[Work to complete]
Output the lines from the top of the entries below to the line with "這兩者除了都在浙江起家外,起", both included, exactly and without pictures.

[Provided data]
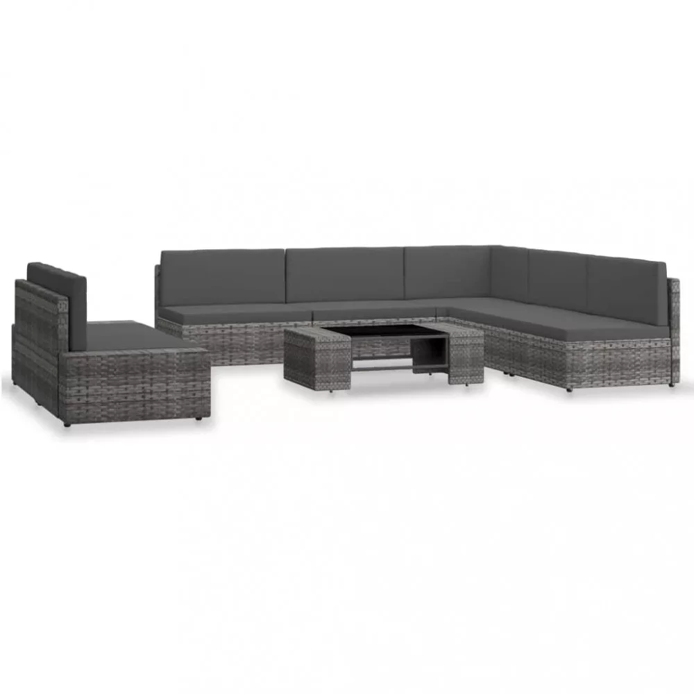- Anyaga: PE rattan, szövet (100% poliészter), porszórt acél, edzett üveg
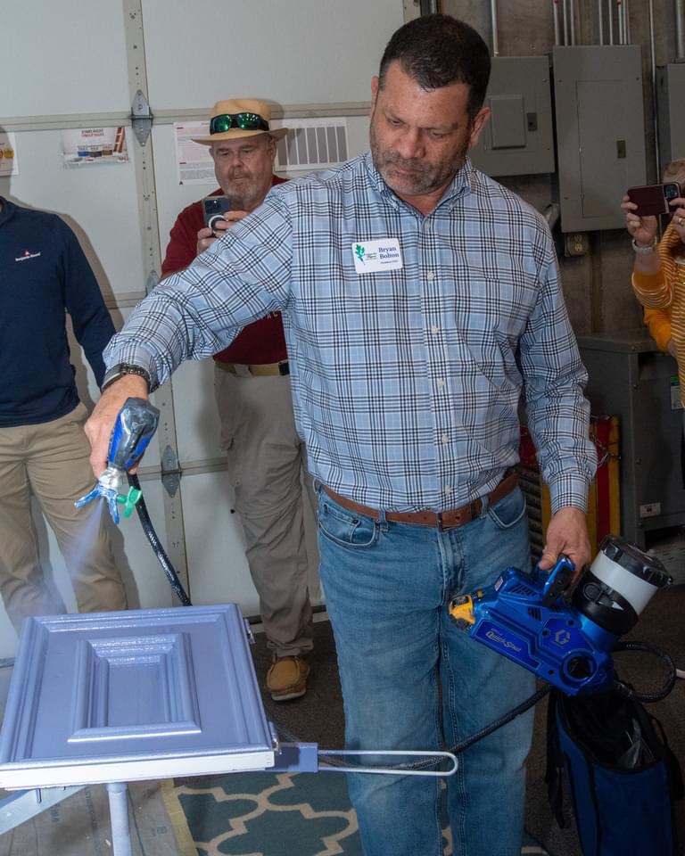 Several Chamber Members even tried their hand using a spray painting rig used in cabinet painting.
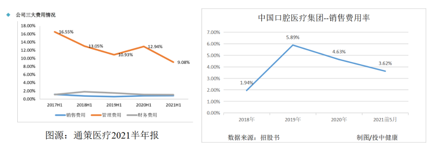 這兩者除了都在浙江起家外,起名也是相同套路。在命名上,都是以當(dāng)?shù)孛Q為首后加上口腔醫(yī)院等,例如通策的“杭州口腔醫(yī)院”、中國(guó)口腔醫(yī)療集團(tuán)的“溫州鹿城口腔醫(yī)院”,以當(dāng)?shù)爻鞘忻目谇会t(yī)院會(huì)給人一種強(qiáng)的“公立醫(yī)院”的感覺,讓公立醫(yī)院間接為其背書,在營(yíng)銷層面,節(jié)省了開支,為通策醫(yī)療不足1%的銷售費(fèi)用率打下了基礎(chǔ),中國(guó)口腔醫(yī)療集團(tuán)則略遜一籌。
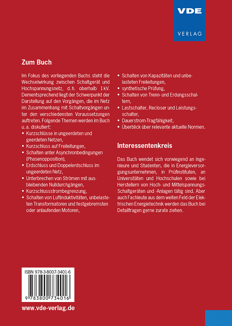 Im Fokus des vorliegenden Buchs steht die Wechselwirkung zwischen Schaltgerät und Hochspannungsnetz, d. h. oberhalb 1 kV. Dementsprechend liegt der Schwerpunkt der Darstellung auf den Vorgängen, die im Netz im Zusammenhang mit Schaltvorgängen unter den verschiedensten Voraussetzungen auftreten.Folgende Themen werden im Buch u. a. diskutiert:- Kurzschlüsse in ungeerdeten und geerdeten Netzen,- Kurzschluss auf Freileitungen,- Schalten unter Asynchronbedingungen (Phasenopposition),- Erdschluss und Doppelerdschluss im ungeerdeten Netz,- Unterbrechen von Strömen mit ausbleibenden Nulldurchgängen,- Kurzschlussstrombegrenzung,- Schalten von Luftinduktivitäten, unbelasteten Transformatoren und festgebremsten oder anlaufenden Motoren,- Schalten von Kapazitäten und unbelasteten Freileitungen,- synthetische Prüfung,- Schalten von Trenn- und Erdungsschaltern,- Lastschalter, Recloser und Leistungsschalter,- Dauerstrom-Tragfähigkeit,- Überblick über relevante aktuelle Normen.
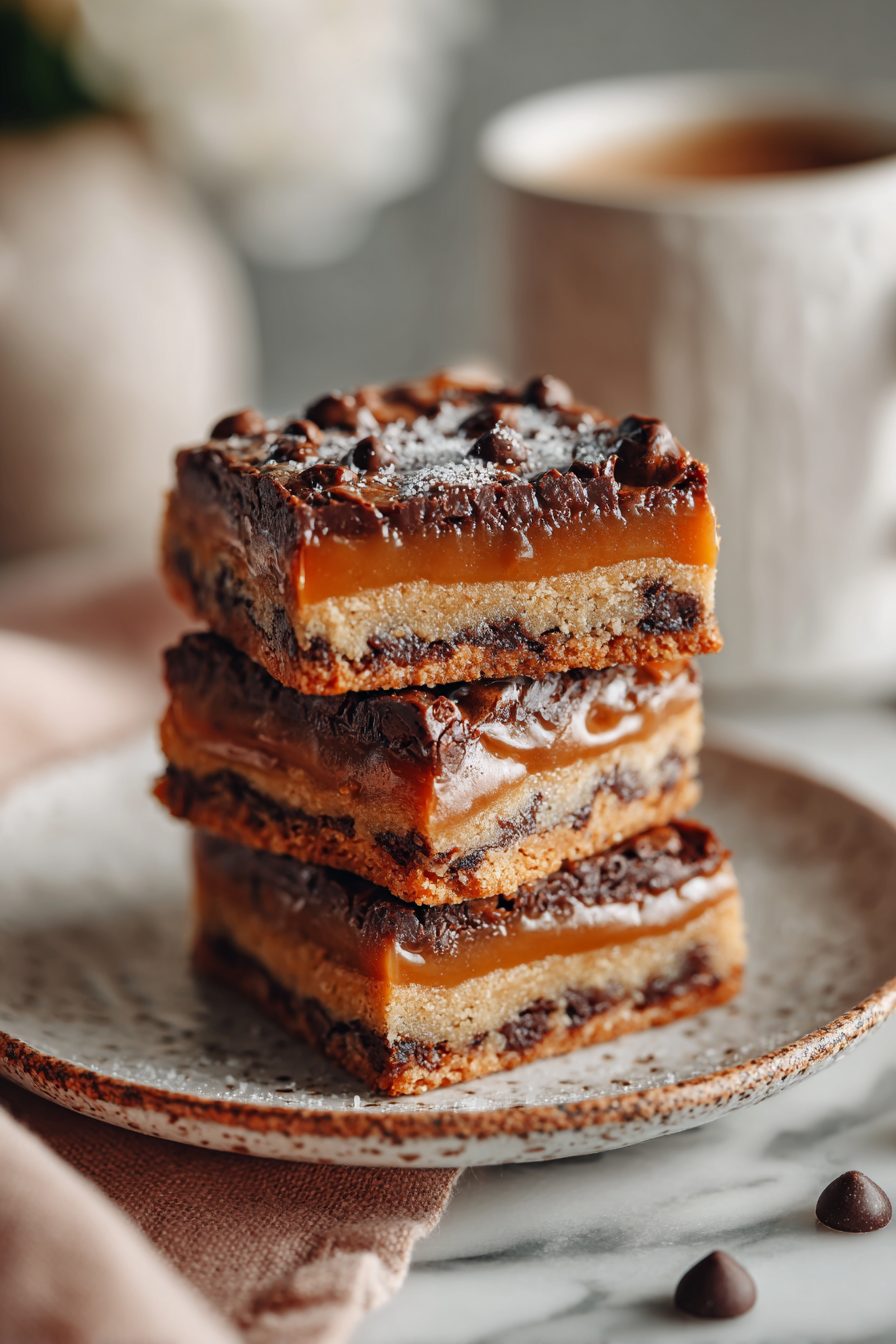 These bars are the kind of sticky, slightly imperfect dessert that makes people stop mid-sentence and ask for a second piece. Think a chewy shortbread-ish base, a gooey layer of caramel, and a hefty sprinkle of chocolate chips on top — baked until edges are golden and the middle still sags a little when you poke it. They’re deceptively easy, comfort-food-level rich, and perfect for when you want something homemade but don’t have the patience for fussy pastry.

[Solution below]
- Anyaga: PE rattan, szövet (100% poliészter), porszórt acél, edzett üveg
 Several Chamber Members even tried their hand using a spray painting rig used in cabinet painting.
 這兩者除了都在浙江起家外,起名也是相同套路。在命名上,都是以當(dāng)?shù)孛Q為首后加上口腔醫(yī)院等,例如通策的“杭州口腔醫(yī)院”、中國(guó)口腔醫(yī)療集團(tuán)的“溫州鹿城口腔醫(yī)院”,以當(dāng)?shù)爻鞘忻目谇会t(yī)院會(huì)給人一種強(qiáng)的“公立醫(yī)院”的感覺,讓公立醫(yī)院間接為其背書,在營(yíng)銷層面,節(jié)省了開支,為通策醫(yī)療不足1%的銷售費(fèi)用率打下了基礎(chǔ),中國(guó)口腔醫(yī)療集團(tuán)則略遜一籌。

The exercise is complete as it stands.